● Task directions
Only the lines from the beginning of the entries through the one with "3 Schlafzimmer. 2" should be written out, please, exactly and without any pictures.

(Saved entries)
[Start of Attachment]

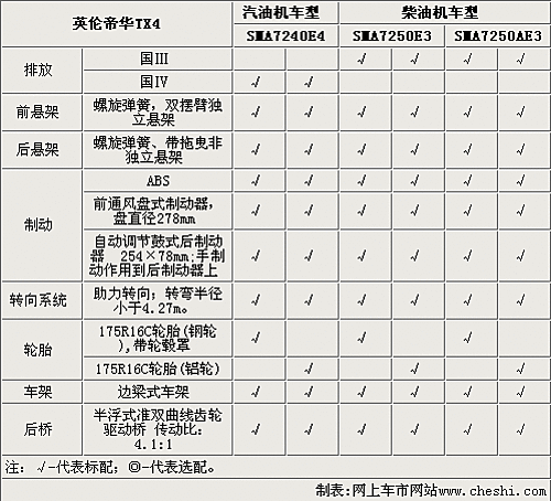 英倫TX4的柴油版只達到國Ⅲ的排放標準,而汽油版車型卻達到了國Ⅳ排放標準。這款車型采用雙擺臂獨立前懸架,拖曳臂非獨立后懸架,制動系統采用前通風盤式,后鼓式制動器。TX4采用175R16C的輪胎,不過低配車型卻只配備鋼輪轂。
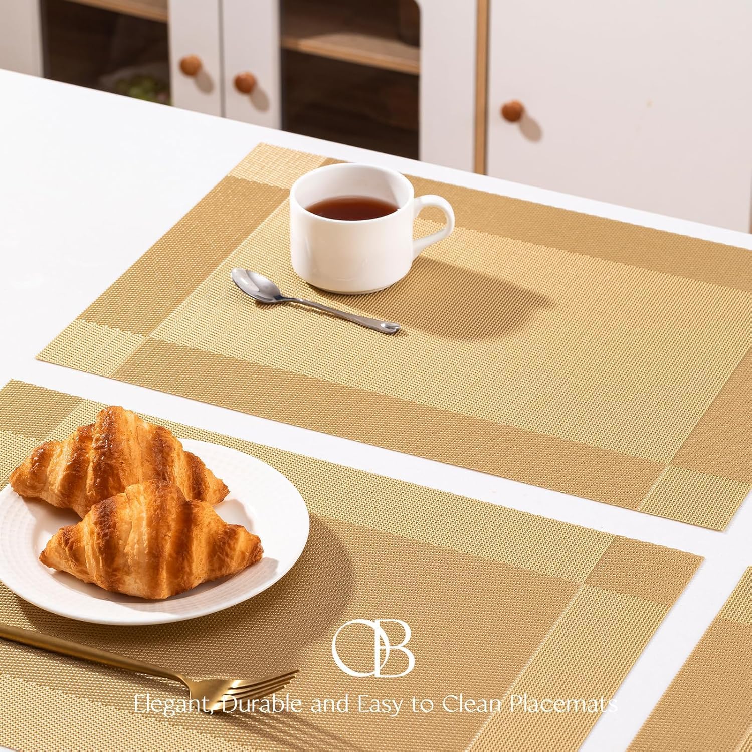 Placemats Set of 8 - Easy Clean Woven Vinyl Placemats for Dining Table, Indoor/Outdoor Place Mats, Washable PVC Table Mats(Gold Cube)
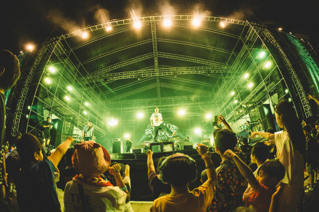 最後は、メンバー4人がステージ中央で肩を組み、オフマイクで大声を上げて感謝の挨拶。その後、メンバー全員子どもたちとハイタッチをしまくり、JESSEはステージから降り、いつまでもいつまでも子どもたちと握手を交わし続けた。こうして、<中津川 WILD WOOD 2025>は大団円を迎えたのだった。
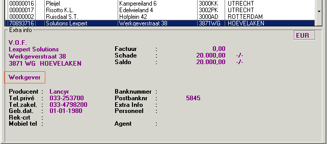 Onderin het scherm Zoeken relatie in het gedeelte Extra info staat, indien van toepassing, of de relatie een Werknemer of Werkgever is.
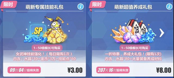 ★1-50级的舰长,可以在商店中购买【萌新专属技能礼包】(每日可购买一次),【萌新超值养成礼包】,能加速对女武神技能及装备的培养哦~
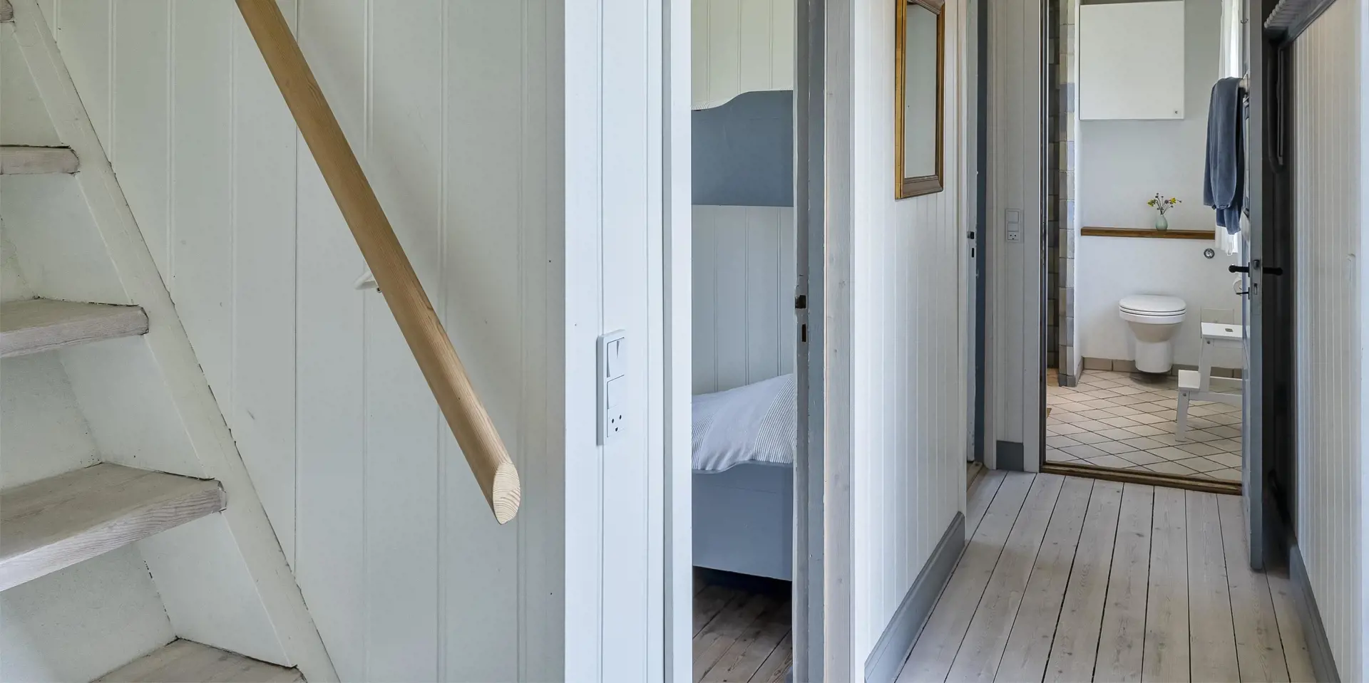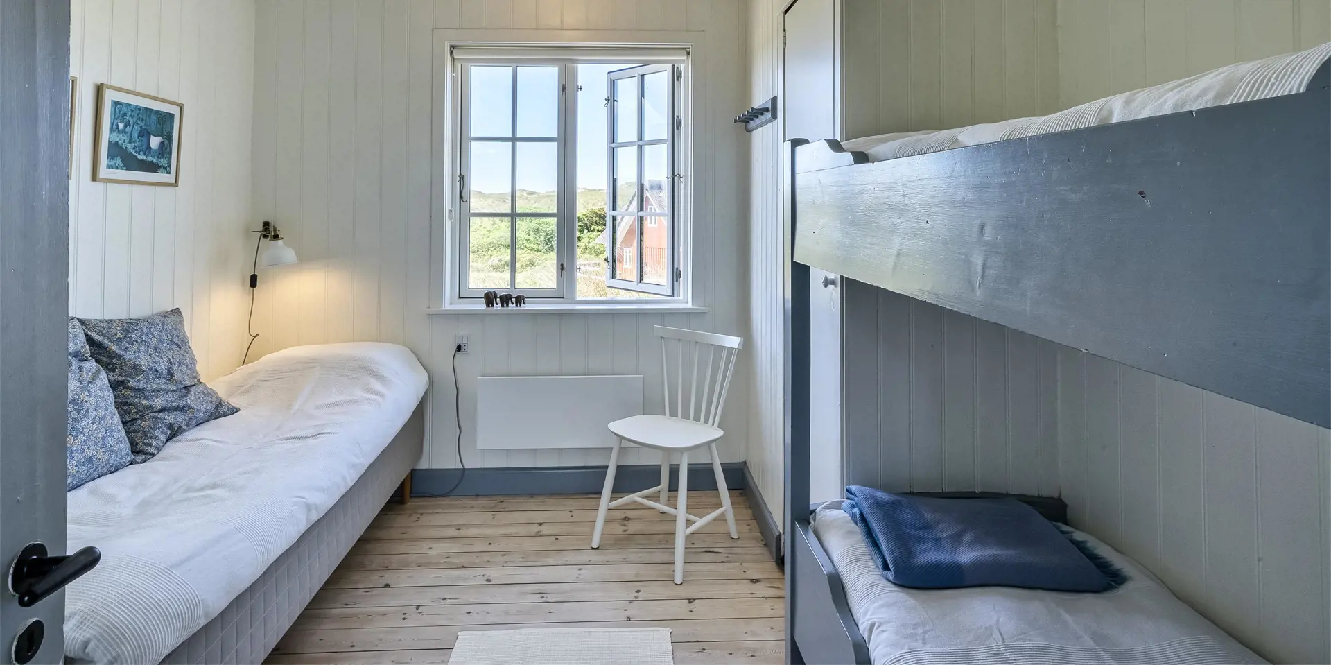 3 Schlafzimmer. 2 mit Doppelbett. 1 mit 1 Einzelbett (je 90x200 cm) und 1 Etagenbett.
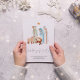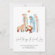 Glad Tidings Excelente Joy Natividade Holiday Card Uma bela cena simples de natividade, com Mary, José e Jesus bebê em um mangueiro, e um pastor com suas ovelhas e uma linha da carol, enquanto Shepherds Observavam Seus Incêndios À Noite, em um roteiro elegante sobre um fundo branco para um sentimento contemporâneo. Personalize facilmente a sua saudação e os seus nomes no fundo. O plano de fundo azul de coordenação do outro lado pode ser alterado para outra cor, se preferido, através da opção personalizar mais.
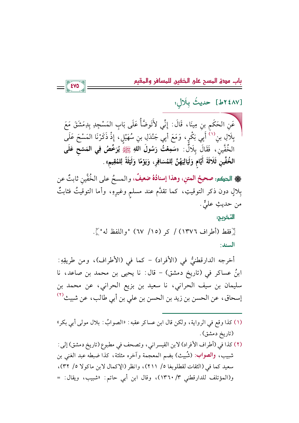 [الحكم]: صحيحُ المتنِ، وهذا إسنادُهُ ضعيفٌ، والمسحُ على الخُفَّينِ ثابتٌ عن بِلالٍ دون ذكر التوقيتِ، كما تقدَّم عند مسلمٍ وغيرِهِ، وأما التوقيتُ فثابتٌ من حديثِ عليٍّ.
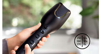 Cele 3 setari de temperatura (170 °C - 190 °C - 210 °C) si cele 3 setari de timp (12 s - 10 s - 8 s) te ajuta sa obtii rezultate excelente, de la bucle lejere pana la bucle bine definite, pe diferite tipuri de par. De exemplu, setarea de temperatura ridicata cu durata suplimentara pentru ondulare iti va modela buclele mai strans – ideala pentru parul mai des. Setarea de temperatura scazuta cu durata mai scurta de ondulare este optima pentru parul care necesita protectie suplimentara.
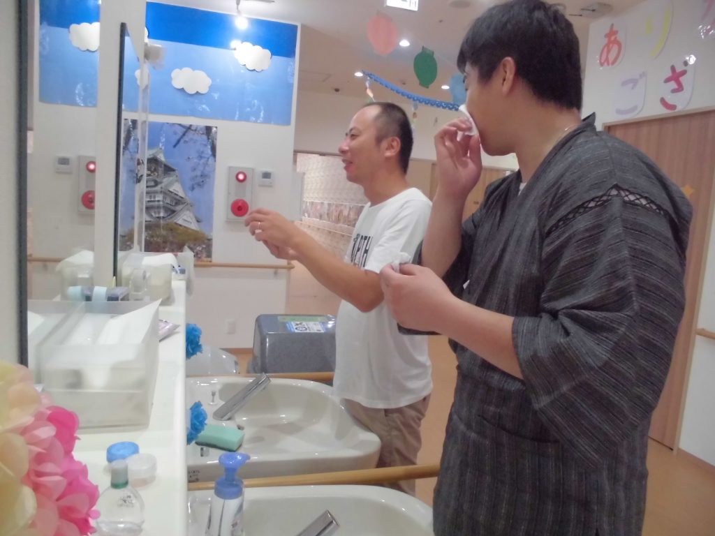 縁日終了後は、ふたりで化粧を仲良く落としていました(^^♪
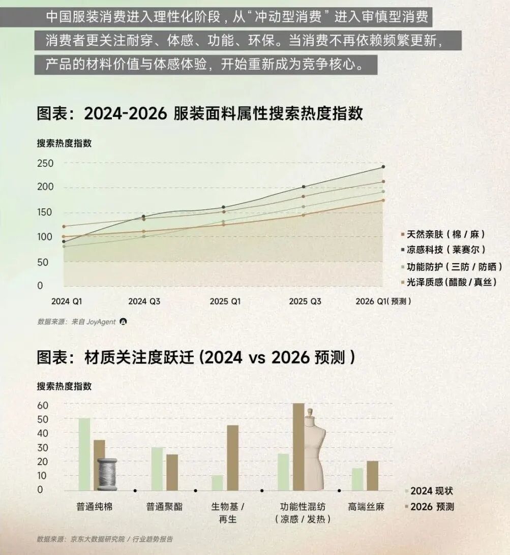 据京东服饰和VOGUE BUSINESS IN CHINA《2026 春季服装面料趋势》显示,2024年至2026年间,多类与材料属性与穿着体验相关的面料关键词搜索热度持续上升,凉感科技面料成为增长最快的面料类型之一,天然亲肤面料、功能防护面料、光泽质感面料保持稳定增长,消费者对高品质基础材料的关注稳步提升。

[End of Attachment]

● Solved problem
 英倫TX4的柴油版只達到國Ⅲ的排放標準,而汽油版車型卻達到了國Ⅳ排放標準。這款車型采用雙擺臂獨立前懸架,拖曳臂非獨立后懸架,制動系統采用前通風盤式,后鼓式制動器。TX4采用175R16C的輪胎,不過低配車型卻只配備鋼輪轂。
 Placemats Set of 8 - Easy Clean Woven Vinyl Placemats for Dining Table, Indoor/Outdoor Place Mats, Washable PVC Table Mats(Gold Cube)
 最後は、メンバー4人がステージ中央で肩を組み、オフマイクで大声を上げて感謝の挨拶。その後、メンバー全員子どもたちとハイタッチをしまくり、JESSEはステージから降り、いつまでもいつまでも子どもたちと握手を交わし続けた。こうして、<中津川 WILD WOOD 2025>は大団円を迎えたのだった。
 Onderin het scherm Zoeken relatie in het gedeelte Extra info staat, indien van toepassing, of de relatie een Werknemer of Werkgever is.
 ★1-50级的舰长,可以在商店中购买【萌新专属技能礼包】(每日可购买一次),【萌新超值养成礼包】,能加速对女武神技能及装备的培养哦~
 3 Schlafzimmer. 2 mit Doppelbett. 1 mit 1 Einzelbett (je 90x200 cm) und 1 Etagenbett.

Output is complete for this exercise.